Leaf: Contains more tea polysaccharides,
Effect: makes the tea sticks tight and oily, and the soup feels sweet and full-bodied. It can form a sweet taste of tea soup, and can also form some special aromas, such as sweet aroma, caramel aroma or chestnut aroma.
Physiological function: Tea polysaccharides have many physiological functions such as radiation protection, anticoagulation, antithrombosis, lowering blood sugar and enhancing immunity.
Leaves Maturity: tea polyphenols is one of the main components that form the color and fragrance of tea
Effect: General term for polyphenols in tea. and
The higher the maturity of buds and leaves: the less tea polyphenols, the worse the quality of black tea.
Physiological function: Tea polyphenols have anti-oxidation, anti-inflammatory and antibacterial effects, lowering blood sugar, lowering blood lipids, anti-cancer and anti-mutation effects!
Fresh Leaves: The tea mainly contains three alkaloids: caffeine, theobromine and theophylline.
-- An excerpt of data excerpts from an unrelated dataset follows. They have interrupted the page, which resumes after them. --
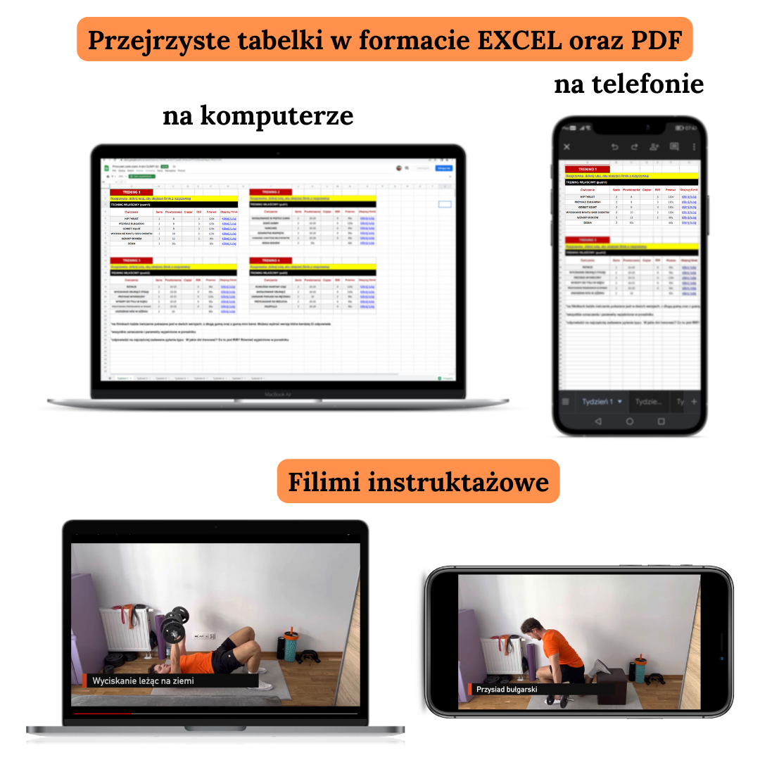 - W środku znajdziesz dokładną instrukcję jak korzystać z planu oraz 30 stron poradnika, aby wprowadzić Cię w świat treningu.
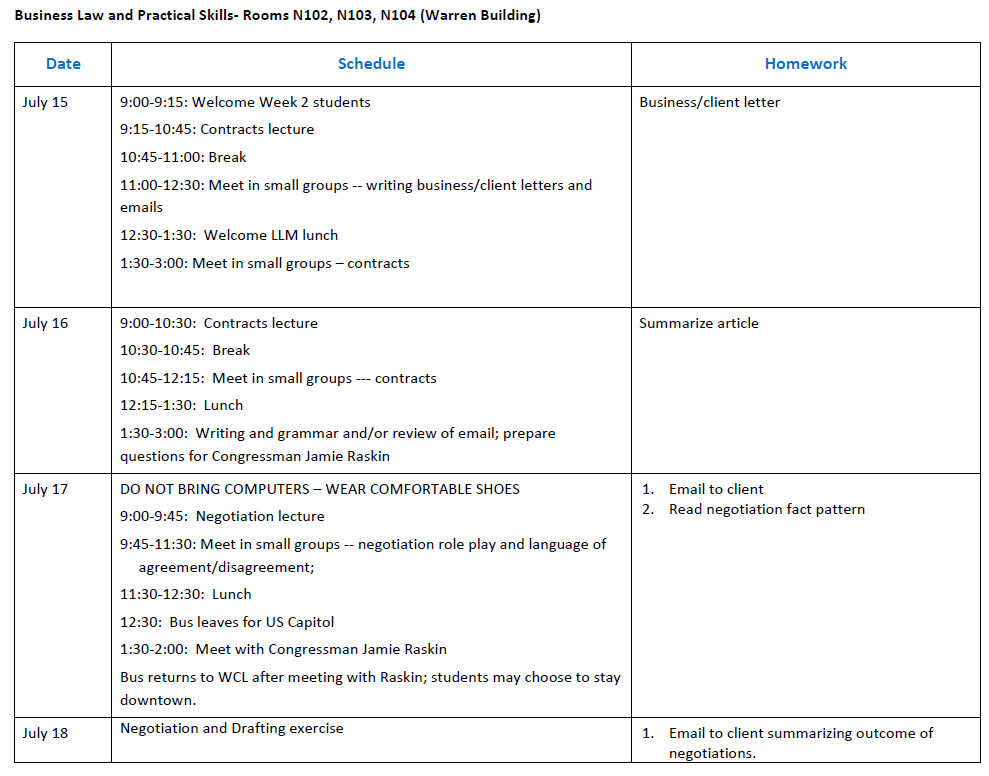 English for Lawyers Registration Opens December 1, 2019 for the 2020 Summer Program! (Seats are limited and availability changes daily) July 6 - 23, 2020 July 6 - 9: Basics of the U.S. Legal System and U.S. Legal Analysis July 13 - 16: U.S. Business law
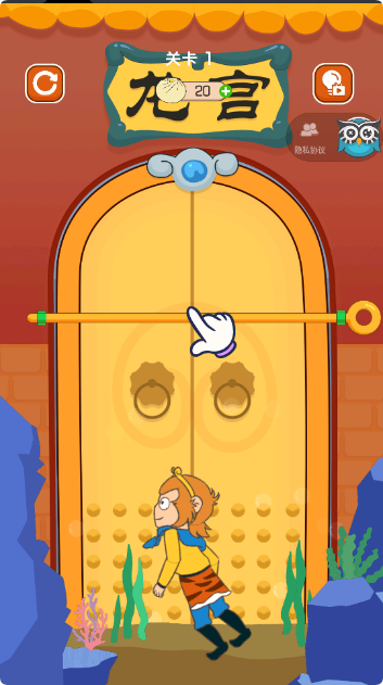 3、然后拉开竖向的拉杆,让孙悟空安全通过即可过关。

The content of dry matter (2%-4%) in caffeine is the highest, which is an important flavor in tea.
The thicker and older the leaves are, the less the alkaloids have.
Effect: The substance has a bitter taste and has a refreshing taste after being associated with theaflavins.
Physiological function:The alkaloids in tea can slightly stimulate the human cerebral cortex to relieve fatigue. At the same time, it will slightly stimulate the gastrointestinal system to help digestion and diuresis. Of course, in addition, it also has conventional health care methods such as strengthening the heart to relieve spasm and relax smooth muscle.